## Exercise description
No pictures should appear. The lines from the beginning of the listing through the one holding "Váy Len body" must be reproduced exactly, and nothing more.

## Source material
#####
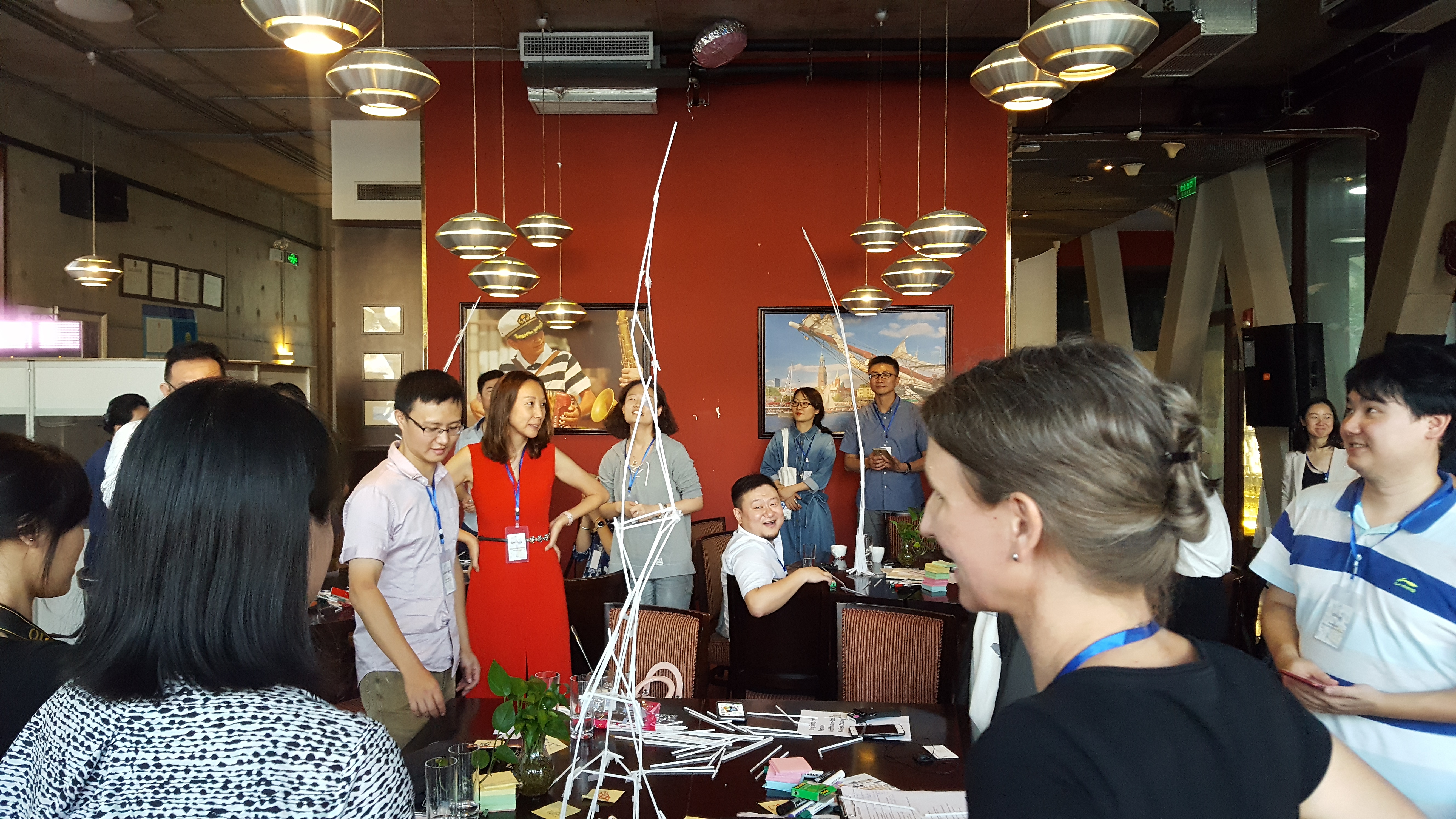 The GENIUS Project has kicked off in China, hosted by ILEK Stuttgart, CCSBC, Constellations, and energydesign. A workshop was held on 26th and 27th September at the Hamburg House at Shanghai’s Expo Site, where around 50 participants discussed about sustainable planning and design for schools in China. Architects, engineers and designers, as well as teachers, principals and scientists found together in small groups to explore innovative planning games to build better and more sustainable school environments for its users and the surrounding cities. Examples from Germany and China were discussed, including the EuroCampus Yangpu, a high-quality foreign school in Shanghai designed by gmp with LEED Platinum and GBL 3-star certification, conducted by energydesign.
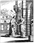 Description: Mary visits her cousin Elizabeth after finding out they are both pregnant. Engraved by John Sturt (1658–1730).
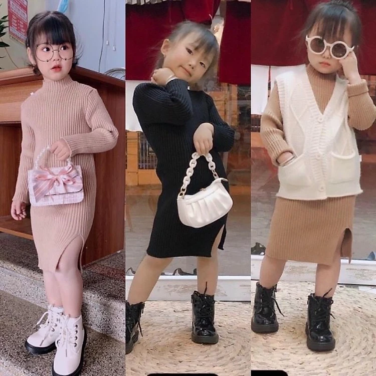 Váy Len body xẻ chân cho bé gái 10kg-32kg(2 đến 9 tuổi)
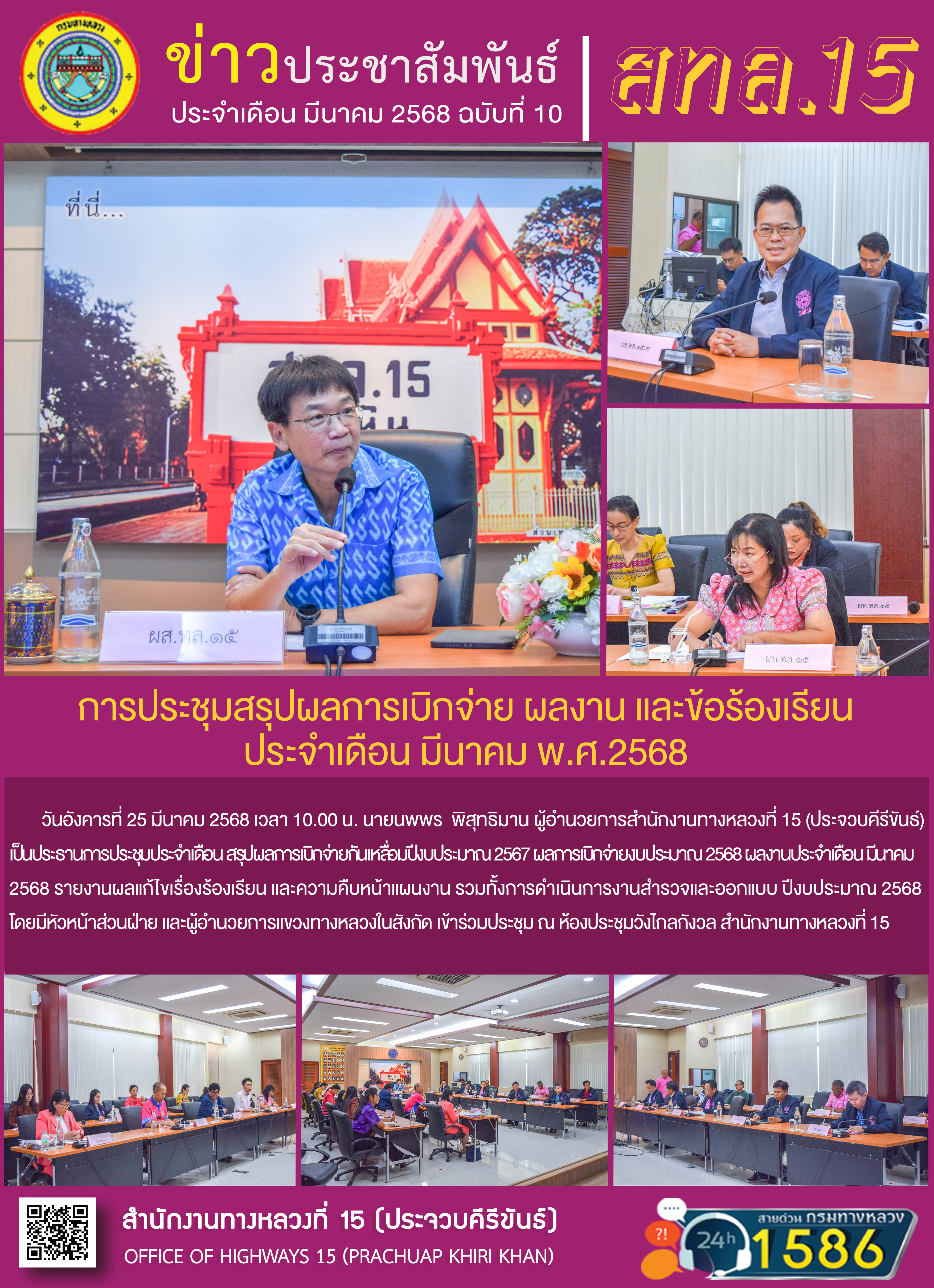 วันอังคารที่ 25 มีนาคม 2568 เวลา 10.00 น. นายนพพร พิสุทธิมาน ผู้อำนวยการสำนักงานทางหลวงที่ 15 (ประจวบคีรีขันธ์) เป็นประธานการประชุมประจำเดือน สรุปผลการเบิกจ่ายกันเหลื่อมปีงบประมาณ 2567 ผลการเบิกจ่ายงบประมาณ 2568 ผลงานประจำเดือน มีนาคม 2568 รายงานผลการแก้ไขเรื่องร้องเรียนและความคืบหน้าแผนงาน รวมทั้งการดำเนินการงานสำรวจและออกแบบ ปีงบประมาณ 2568 โดยมี หัวหน้าส่วนฝ่าย และผู้อำนวยการแขวงทางหลวงในสังกัด เข้าร่วมประชุม ณ ห้องประชุมวังไกลกังวล สำนักงานทางหลวงที่ 15
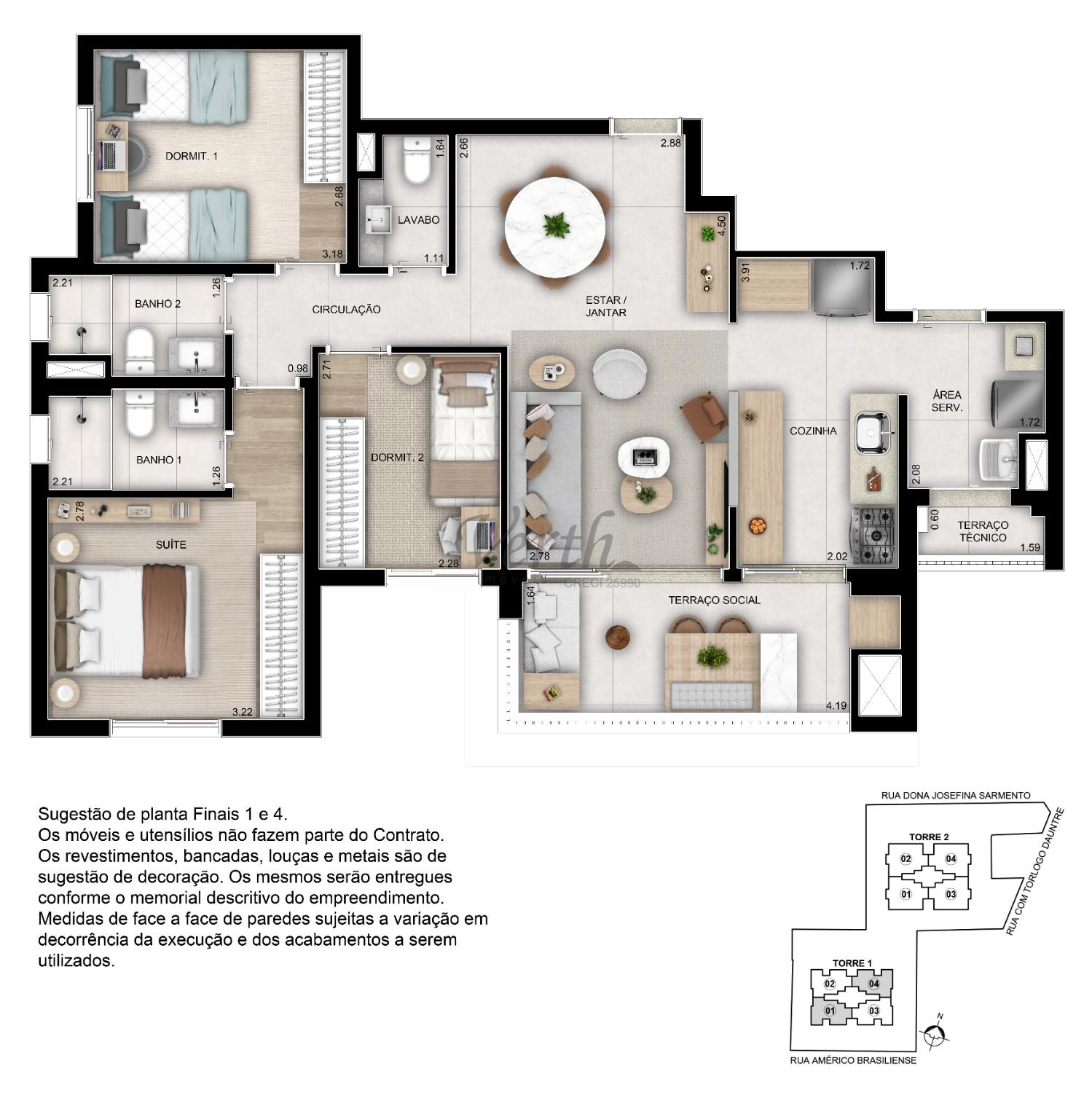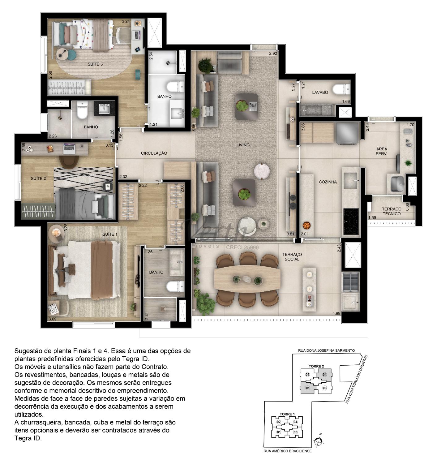 3 dorm.3 suíte(s)1 banheiro(s)
#####
## Answer
 The GENIUS Project has kicked off in China, hosted by ILEK Stuttgart, CCSBC, Constellations, and energydesign. A workshop was held on 26th and 27th September at the Hamburg House at Shanghai’s Expo Site, where around 50 participants discussed about sustainable planning and design for schools in China. Architects, engineers and designers, as well as teachers, principals and scientists found together in small groups to explore innovative planning games to build better and more sustainable school environments for its users and the surrounding cities. Examples from Germany and China were discussed, including the EuroCampus Yangpu, a high-quality foreign school in Shanghai designed by gmp with LEED Platinum and GBL 3-star certification, conducted by energydesign.
 Description: Mary visits her cousin Elizabeth after finding out they are both pregnant. Engraved by John Sturt (1658–1730).
 Váy Len body xẻ chân cho bé gái 10kg-32kg(2 đến 9 tuổi)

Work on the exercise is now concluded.